Now isn’t that interesting? Because if you think about it, what exactly is it that we are trying to “figure out”?
It is this lingering thought that inspired me to write this article. What are we trying to “figure out” and why are we trying to “figure things out”?
So let’s keep it simple and start with the basics, relationships is the art of relating. Relating to one another. On all levels, on any level, it is all about how we relate to each other and how we relate depends completely on who we are and our ability to understand the person we are relating to. Most of the time this is not as easy as it sounds. Most of the time we are trying to “figure out” who we are through other people.
The biggest reason for this is because all of us, each and every one of us fails to be AUTHENTIC. It’s only fair, because how can we be authentic when the people around us aren’t? This has made us so disconnected from each other. Most of the time we find ourselves jumping from one emotion to another, from one desire to another and from one person to another.
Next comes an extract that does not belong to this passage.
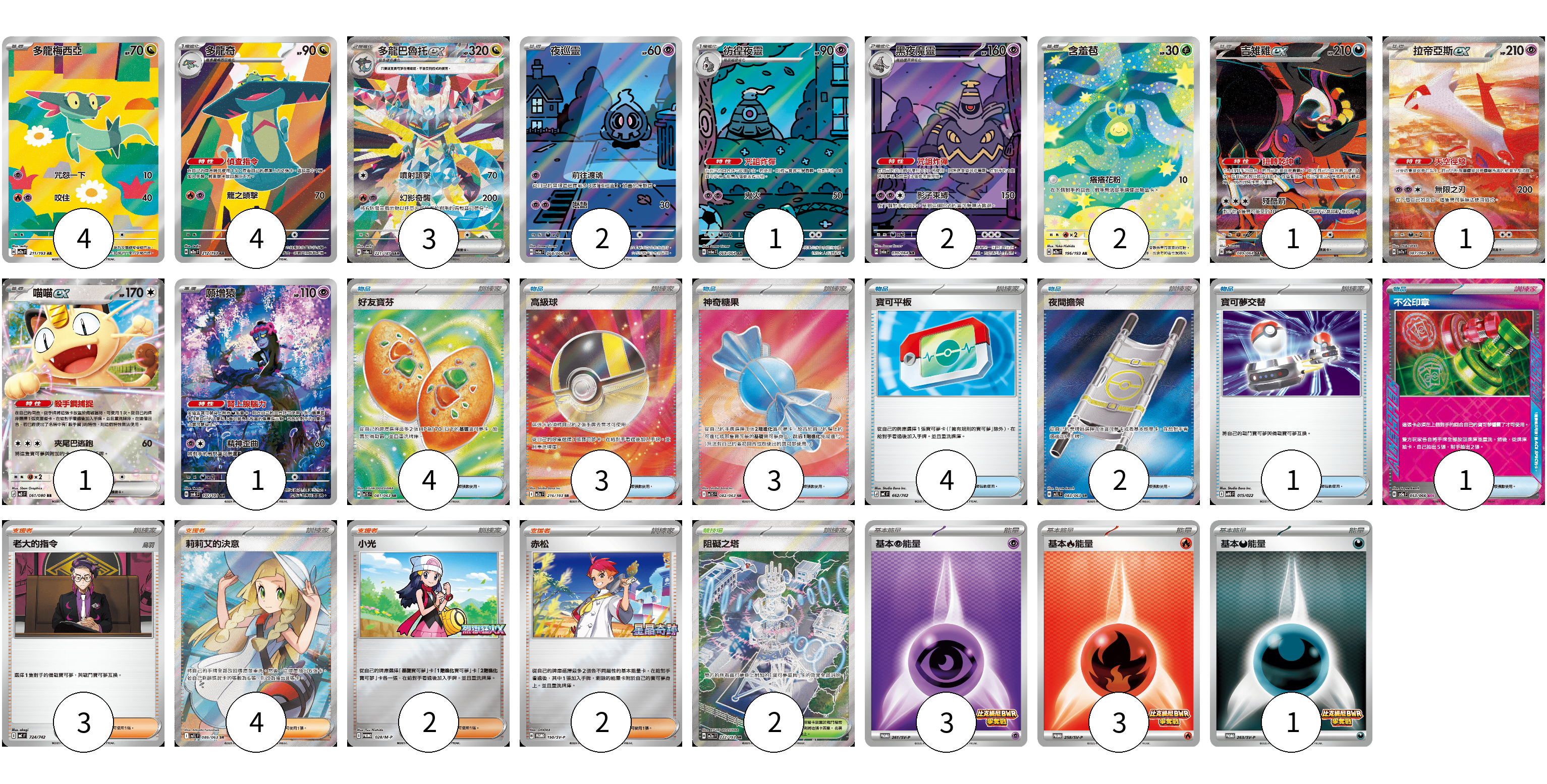 牌組構築方案 以此牌組為基礎新構築牌組 顯示卡面 顯示列表 寶可夢卡(22) 4 4 3 2 1 2 2 1 1 1 1 物品卡(18) 4 3 3 4 2 1 1 支援者卡(11) 3 4 2 2 競技場卡(2) 2 能量卡(7) 3 3 1 寶可夢卡(22) 卡牌名稱 張數 卡牌名稱 張數 多龍梅西亞 M2a 211/193 04 多龍奇 M2a 212/193 04 多龍巴魯托ex SV8a 221/187 03 夜巡靈 SV6a 068/064 02 彷徨夜靈 SV6a 069/064 01 黑夜魔靈 SV6a 070/064 02 含羞苞 M2a 196/193 02 吉雉雞ex SV6a 089/064 01 拉帝亞斯ex SV7a 087/064 01 喵喵ex M3 061/080 01 願增猿 SV6 107/101 01 物品卡(18) 卡牌名稱 張數 卡牌名稱 張數 好友寶芬 M1S 081/063 04 高級球 M2a 216/193 03 神奇糖果 M1S 082/063 03 寶可平板 MC 662/742 04 夜間擔架 M1L 083/063 02 寶可夢交替 MBG 015/022 01 不公印章 SV5a 053/066 01 支援者卡(11) 卡牌名稱 張數 卡牌名稱 張數 老大的指令 MC 724/742 03 莉莉艾的決意 M1L 086/063 04 小光 M-P 028/M-P 02 赤松 SV-P 150/SV-P 02 競技場卡(2) 卡牌名稱 張數 卡牌名稱 張數 阻礙之塔 M2a 222/193 02 能量卡(7) 卡牌名稱 張數 卡牌名稱 張數 基本【超】能量 SV-P 261/SV-P 03 基本【火】能量 SV-P 258/SV-P 03 基本【惡】能量 SV-P 263/SV-P 01 以此牌組為基礎新構築牌組 牌組編碼 YxPAUq-yEkgLu-QxhBrj copy 列印牌組單 牌組編碼已複製 分享至SNS

This is mainly because we are not clear, not in complete integrity with who we are. We put on these facades and faces in front of each other and we have been doing it all our life so it has now become second nature. We don’t want to hurt anyone, we want to be accepted, loved, understood and are constantly looking for validation, (and for those who don’t want validation and act like they don’t care what other people think, somehow you are trying to make a statement too), only to finally one day wake up one day and feel this intense desire of wanting to “find yourself”.
The day you will find yourself is the day you start becoming authentic in who you really are. Be true to how you feel, to how your body reacts and to your thoughts. Observe how things make you feel, how certain people, environments and situations make you feel. If deep inside you it doesn’t feel good, be honest with yourself, be authentic and do whatever it is that does make you feel good. When we can be honest with our selves, only then we can start being authentic with each other. If you are afraid, be honest about the fear, its ok, everyone feels afraid, but stop covering up with things that aren’t true. You are only hurting yourself and continuing to live an unhappy life.
In this pure authentic state, relating with each other will become such a rewarding and enriching experience, you may not even need to say a word and you will yet feel most connected – and relationships will then truly be redefined as people start becoming compassionate, happy and connected.